2. End-of-life issues
15. The principle of double effect in palliative care: euthanasia by another name?
Denise M. Dudzinski
Mrs. Ryan was a 58-year-old woman with widely metastatic breast cancer. She entered a hospice a month prior to this hospital admission. A Do Not Attempt Resuscitation (DNAR) order had been written 2 months ago at her request. Per her living will, she was willing to forgo artificial nutrition and hydration when she was no longer able to take food and water by mouth. Her pain and symptoms were well controlled on an outpatient regimen of celecoxib, amitriptyline, lorazepam, oxycodone hydrochloride, and morphine sulfate. After 2 weeks on this regimen, she was admitted to the hospital due to unbearable pain in her back, pelvis, and shoulders (presumed due to bone metastases). In order to relieve pain and symptoms, intravenous fentanyl and lorazepam were administered and titrated up when Mrs. Ryan exhibited verbal or physical signs of distress or pain. She was receiving 700 mcg/h of fentanyl with 100 mcg boluses every hour for breakthrough pain. In keeping with Mrs. Ryan’s wishes, her physicians achieved their therapeutic goal of relieving her pain and symptoms, but they knew there may be a “double effect.” The medications could suppress respiration and hasten her death.

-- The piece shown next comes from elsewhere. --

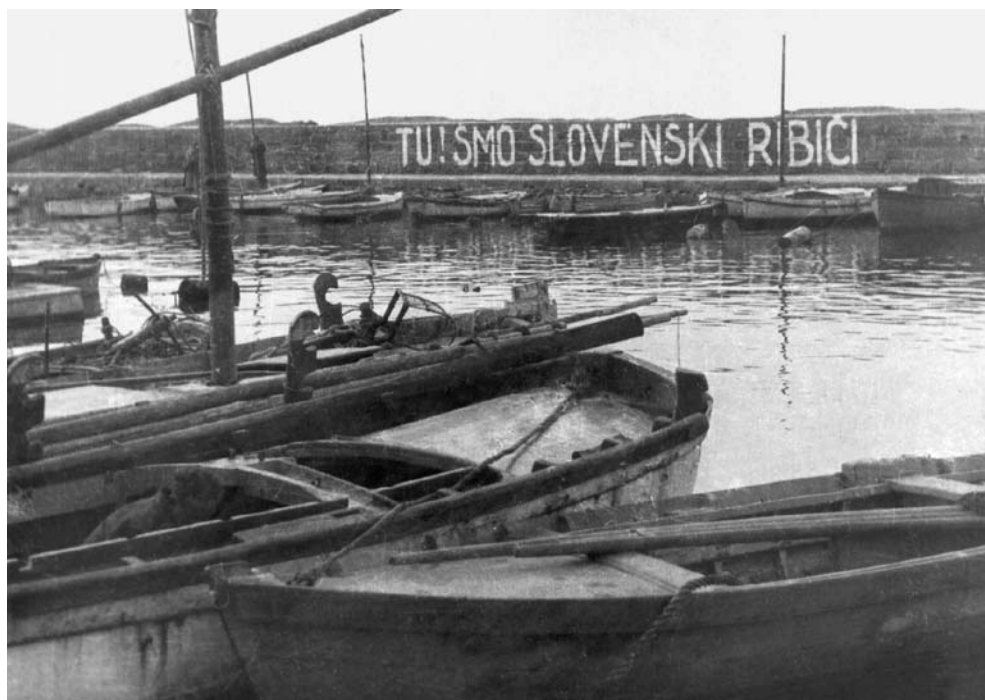
Slika 5: Kantovlje, spomladi 1946.

komisija ustanovljena in da so pripravili tudi inštrukcije za njeno delo. 7. marca je prišla v Trst in 26. marca v Gorico, kjer je ostala do začetka aprila, nakar je zapustila »sporno« ozemlje. Osnovna naloga komisije je bila pripraviti poročilo in rakomandacijo o določitvi meje med Italijo in Jugoslavijo, ki naj bi bila v glavnem etnična in bi puščala minimalno Slovencev in Hrvatov pod Italijo in minimalno število Italijanov pod Jugoslavijo, v kar naj bi se prepričala ob nenapovedanih obiskih po vaseh in mestih na »spornem« območju. Ob tem naj bi komisija upoštevala tudi ekonomske in geografske značilnosti tega ozemlja. Tudi dejansko je preučila množico dokumentov, ki sta ji predložili italijanska in jugoslovanska diplomacija, opravila veliko terenskih raziskav in obiskala precej krajev, kjer se je pogovarjala z ljudmi. Vsa ta opažanja in ugotovitve naj bi združila v enotni predlog za razmejitve, do katerega pa zaradi različnih interesov posameznih članov komisije ni prišlo in tako je komisija podala svetu zunanjih ministrov, ki so poleti 1946 zasedali na mirovni konferenci v Parizu, štiri različne razmejitvene predloge.

What is the ethical rationale for allowing physicians to take this risk?
The principle of double effect (DE)
St. Thomas Aquinas first used the term “double effect” to refer to “the duality of results of a single human action” in discussing killing in self-defense.1 If one attempts to defend oneself, and the assailant is killed, it does not mean that death was the defender’s intention. Catholic moral theology distinguishes what someone intends and the side effect (“foreseen but unintended consequences”), suggesting that people remain responsible for, but are less culpable for, such double effects.
A modern formulation of DE is:
(T)he traditional rule of double effect specifies that an action with two possible effects, one good and one bad, is morally permitted if the action: (1) is not in itself immoral; (2) is undertaken only with the intention of achieving the possible good effect, without intending the possible bad effect even though it may be foreseen; (3) does not bring about the possible good effect by means of the possible bad effect; and (4) is undertaken for a proportionately grave reason.2
In the context of caring for a terminally ill patient, DE allows healthcare providers to: (1) provide adequate pharmacological pain and symptom management (a good action) knowing that (2) the foreseen but unintended consequence is that the medications may suppress respirations and hasten death. The provider must intend only good pain management. She may not hope to save the patient from suffering by causing the patient’s death, as this would constitute euthanasia which is illicit in this moral framework. (3) Death (the bad effect) is not a means to alleviate suffering (the good effect). (4) Pain and suffering at the end of life is a “proportionately grave reason” to justify the use of opioids, but the risk of hastening death is only ethically justified if the patient is terminally ill.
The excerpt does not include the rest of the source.